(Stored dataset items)

---------------

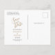 This elegant modern save the date postcard features a navy blue watercolor agate border trimmed with faux gold glitter. The gold coloured and black customisable text appears on a grey and white marble background. The reverse side repeats the information, along with a customisable return address.
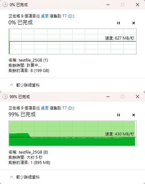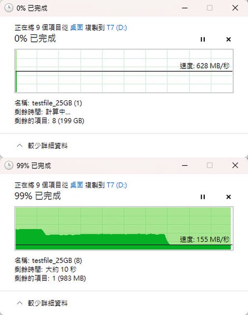 ▼第3次複製狀況如下圖,起始速度628MB/s,約在13%(26GB)處第一次降速,約在
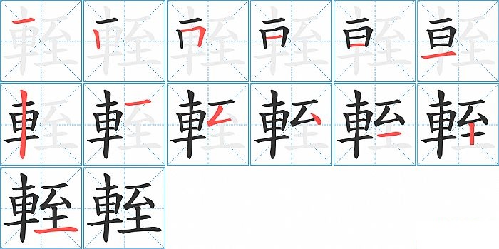 輊是左右结构,輊的部首是“車”,部外笔画6画,总笔画13画,輊的笔画顺序是“横、竖、横折、横、横、横、竖、横、撇折、点、横、竖、横”。看看“輊”字什么意思 >>
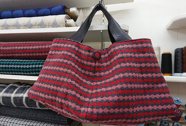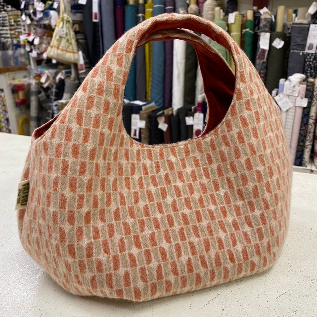 ドットウィードで作ったnunuオリジナルの「ひし形バッグ」 材料費約¥4,300 完成品は¥7,350 [写真右]
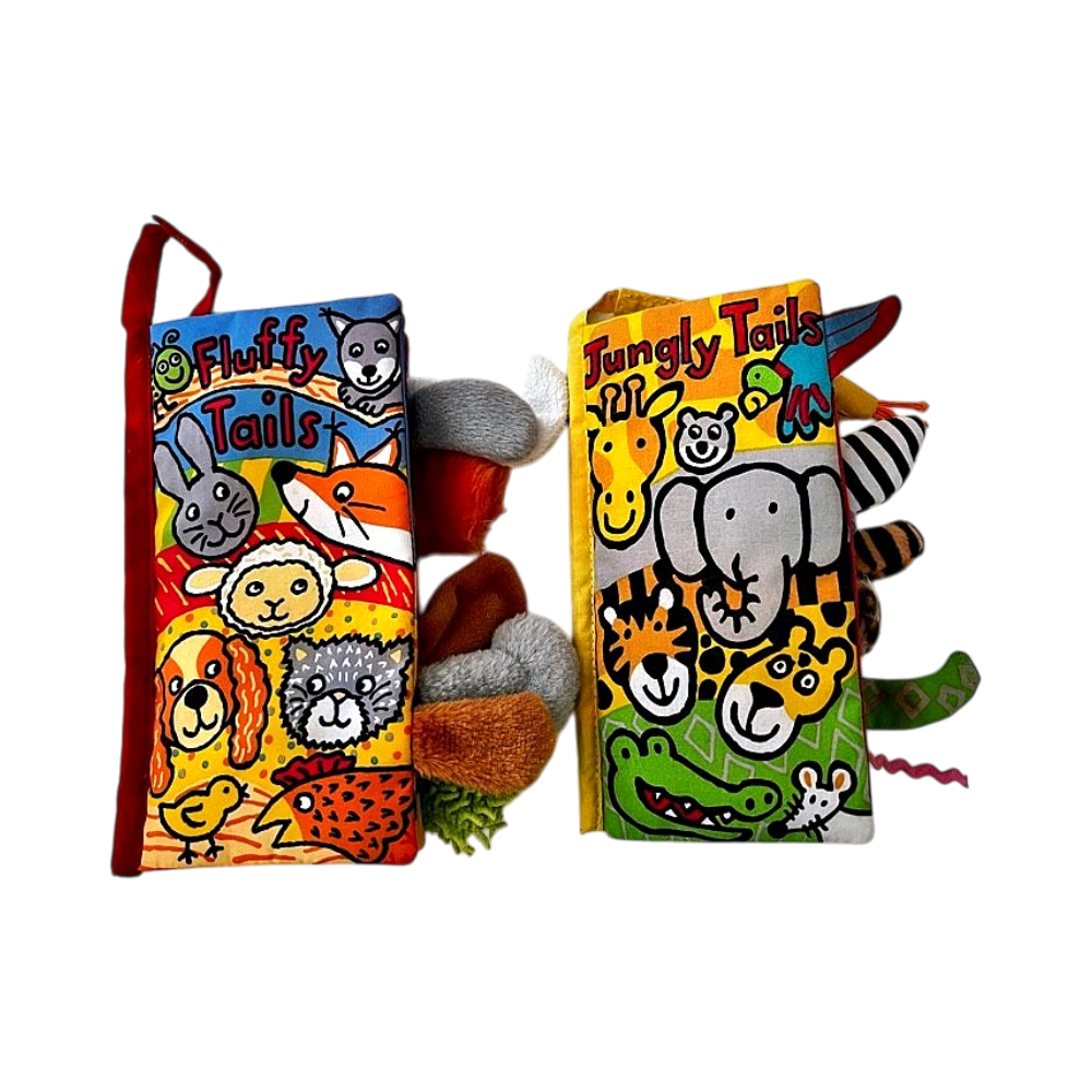 Pehmeä ja värikäs lasten kuvakirja eläimillä ja häntillä.
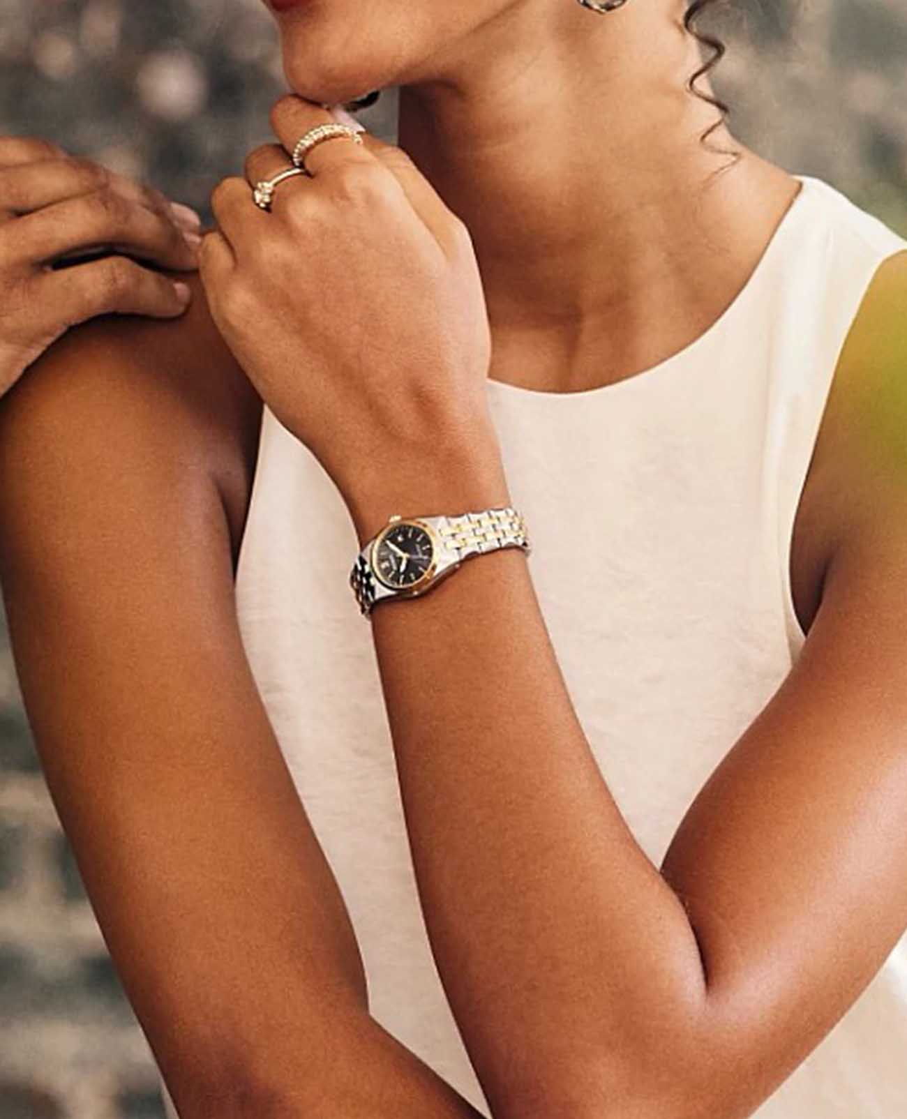 Часы Citizen EW2299-50E объединяют в себе современные технологии и изысканный дизайн. Надежный японский кварцевый механизм с инновационной системой Eco-Drive позволяет часам работать без замены батарейки, используя энергию света и обеспечивая запас хода до 180 дней. Модель оснащена функциями индикации заряда и предотвращения перезарядки, что делает эксплуатацию максимально удобной и безопасной. Корпус диаметром 27 мм выполнен из нержавеющей стали, а безельБезельВнешний ободок, закрепляющий стекло. В спортивных часах так называется поворотное кольцо с делениями на циферблате, выполняет роль таймера – замеряет отрезки времени на шкале. Неподвижный безель – элемент декора. Однонаправленно вращающийся безель на дайверских часах позволяет фиксировать моменты погружения и выныривания на поверхность. и браслет (частично) с золотистым IP-покрытиемIP-покрытиеМетод ионного напыления. Демонстрирует повышенную устойчивость к истиранию, окислению и химическим веществам. Под воздействием высокого давления и температуры около 1500°C молекулы металла надёжно соединяются с частицами корпуса часов., придающим изделию дополнительную прочность и стильный внешний вид. Сапфировое стеклоСапфировое стеклоПрочный и надёжный материал из кристалла сапфира синтетического происхождения, характеризующийся особой твёрдостью и устойчивостью к царапинам и повреждениям. устойчиво к царапинам и надолго сохраняет прозрачность. Браслет с раскладной застёжкойРаскладная застёжкаТакой тип застёжки используется только на браслетах из металла. Она никогда не раскрывается полностью, происходит разделение на 2 и более частей. Раскладывающая застёжка снизит вероятность потери часов к минимуму. гармонично завершает образ часов. Водозащита уровня WR 100 позволяет не снимать часы во время плавания и занятий сноркелингом. Циферблат украшен аккуратными часовыми индексами в виде штрихов дополнен окошком даты и стрелками с люминесцентным покрытиемЛюминесцентное покрытиеПозволяет считывать показания времени в темноте. Производители наносят на стрелки, часовые индексы, безель или поверхность циферблата светонакопительный состав, дающий холодное свечение.. Часы созданы и собраны в Японии, что гарантирует высокое качество и надежность.
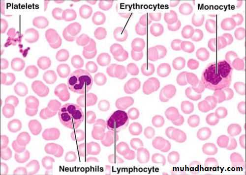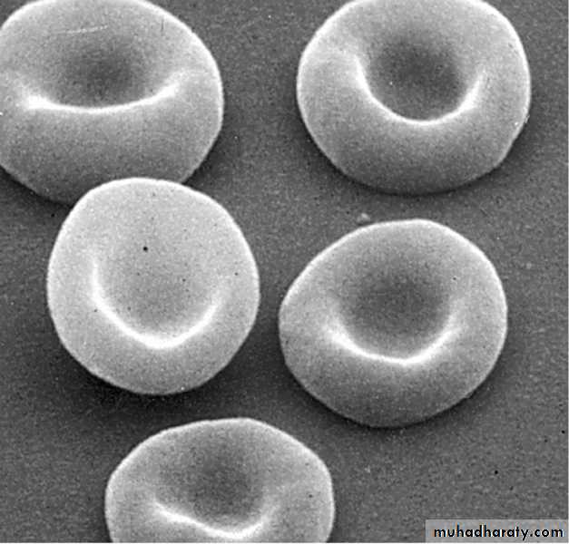 RBC: 1-These are rounded biconcave disks, bright red in color due to the presence of hemoglobin2- RBCs have no nuclei.
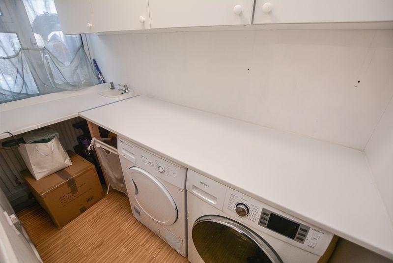 Accessed from the lounge, there is a utility room. Comprised of eye level storage units and low level counters, this space provides plumbing for utilities, whilst housing an inset sink. With wood effect flooring and painted walls, this space is complete with a double glazed window towards the rear elevation.
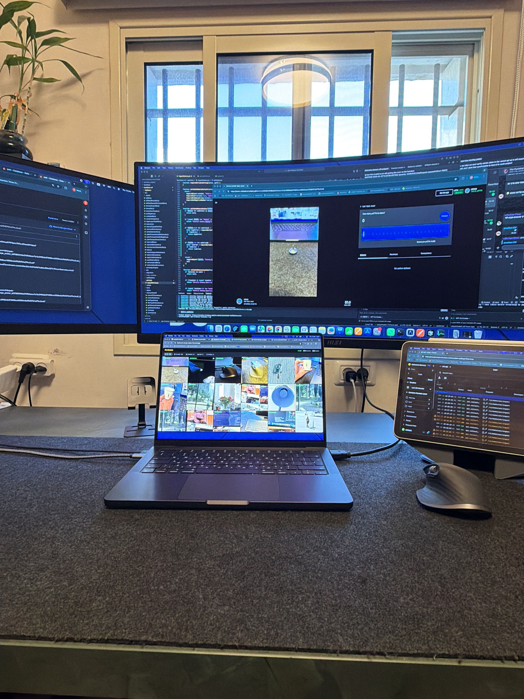 The scene depicts an indoor computer workstation located in Kafr Yasif, Israel. The workstation is set against a wall with two large windows in the background, revealing a bright sky and a distant structure. On the far left, a green leafy plant is situated in a dark vase. The primary setup consists of three active screens and a peripheral. From left to right: 1. A vertical external monitor displays lines of code or text on a dark background. 2. A large, curved central external monitor also displays code or text on its left side and a graphical user interface on its right. The interface shows a vertically oriented image of a phone screen above a textured surface, alongside a panel with blue input fields and buttons. 3. A dark-colored laptop, open and positioned centrally on a desk, displays a grid of approximately twenty-five small thumbnail images. 4. To the right of the laptop, a tablet screen stands upright, displaying what appears to be a timeline or data table with multiple rows and columns. 5. An ergonomic, dark gray computer mouse rests to the right of the tablet. The desk surface is covered with a dark gray, felt-like material. Visible in the background are white wall outlets and black cables connecting the electronic devices. No individuals are present in the image, and no specific human actions or interactions are depicted.
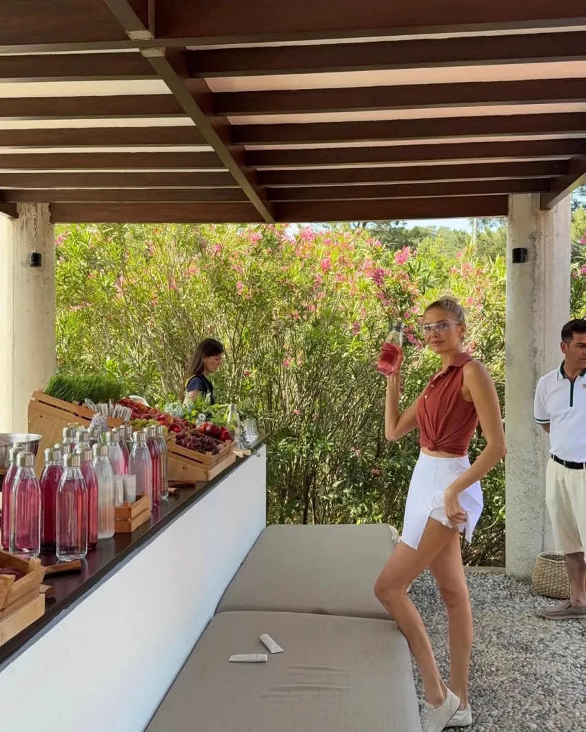 В отеле Aman в Турции прошёл запуск новой теннисной коллекции бренда Кристины Романовой Aman Essentials. 30-летняя возлюбленная миллиардера Владислава Доронина собрала на мероприятии друзей и светских гостей, среди них: известный теннисист Новак Джокович, Елена Перминова с бойфрендом Тарасом Романовым, актёр Эдди Редмэйн, Инга Рубинштейн, светская девушка и супруга звезды "Аватара" Сэма Уортингтона Лара, модный блогер Бека Гвишиани и другие.
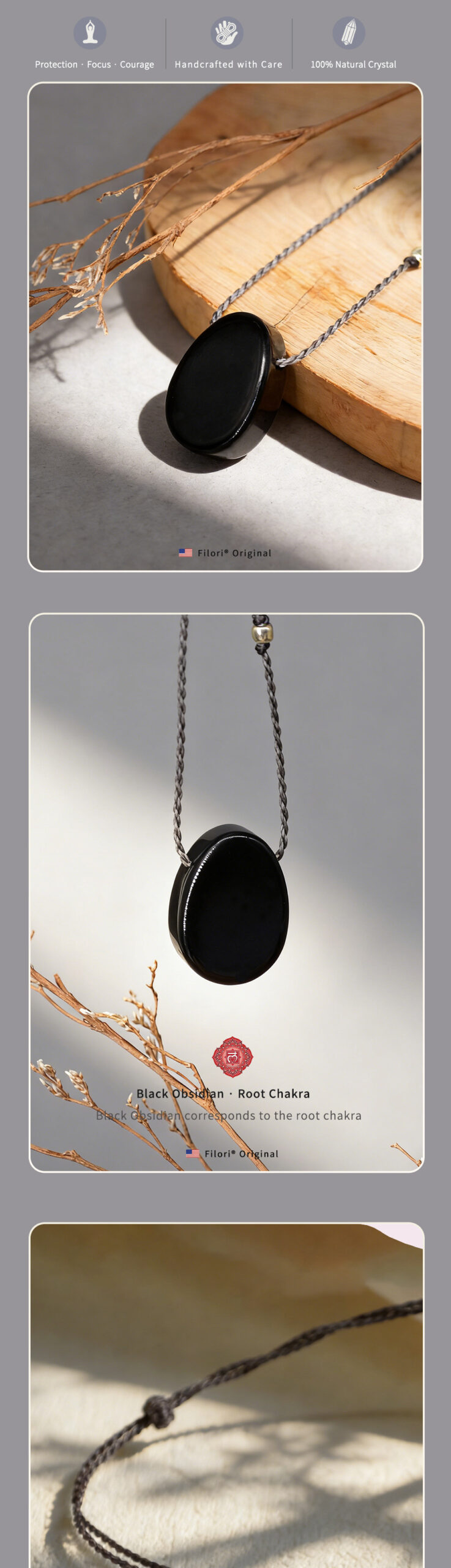 • Obsidian: Protection · Strength · Grounding
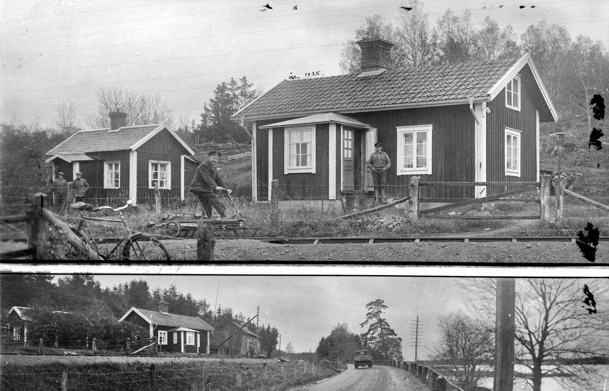 Nora Bergslagens Järnväg, NBJ banvaktsstuga. Tvådelad bild.
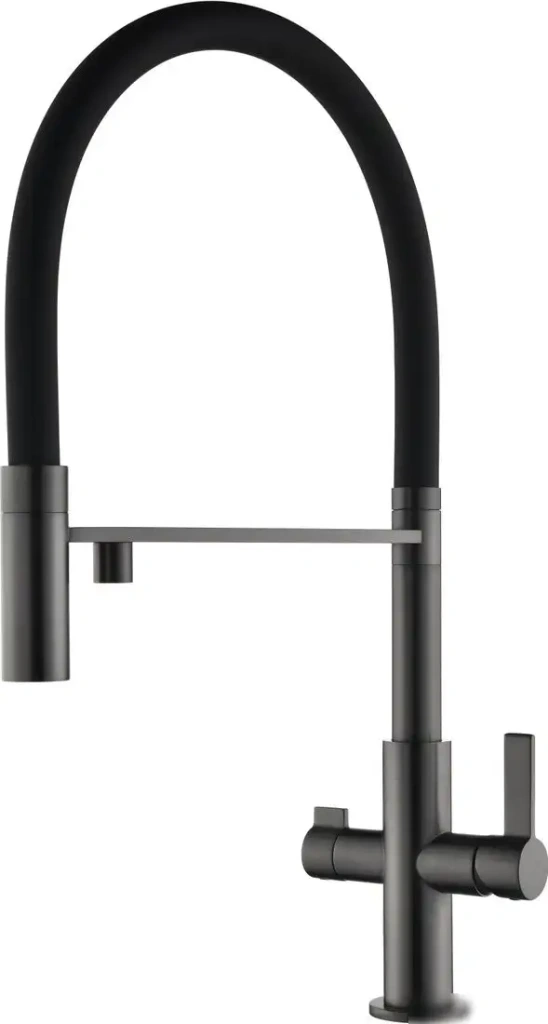 Смеситель Aquasanita Soifos 7763-T в цвете графит отлично подойдет для кухни. Он устанавливается на раковину или столешницу с одним монтажным отверстием и управляется одним рычагом. Смеситель оснащен керамическим картриджем, который обеспечивает долговечность и легкое управление. Поворотный и выдвижной излив позволяют удобно регулировать поток воды и напор. Встроенный кран для питьевой воды дает возможность быстро получать чистую воду. Конструкция выполнена из латуні, что обеспечивает надежность и стойкость к износу. Высота смесителя — 417 мм, длина излива — 220 мм, а высота излива — 172 мм. Такой дизайн и функциональность делают работу на кухне проще и комфортнее.

---------------

* [WORK INSTRUCTION] Among the entries above, copy exactly the stretch from the line holding "ドットウィードで作ったnunuオリジナルの「ひし形バッグ」 材料費約¥4,300 完成品は¥7,350" through the line holding "Pehmeä ja värikäs", leaving out any pictures.

* [ANSWER SPACE]
 ドットウィードで作ったnunuオリジナルの「ひし形バッグ」 材料費約¥4,300 完成品は¥7,350 [写真右]
 Pehmeä ja värikäs lasten kuvakirja eläimillä ja häntillä.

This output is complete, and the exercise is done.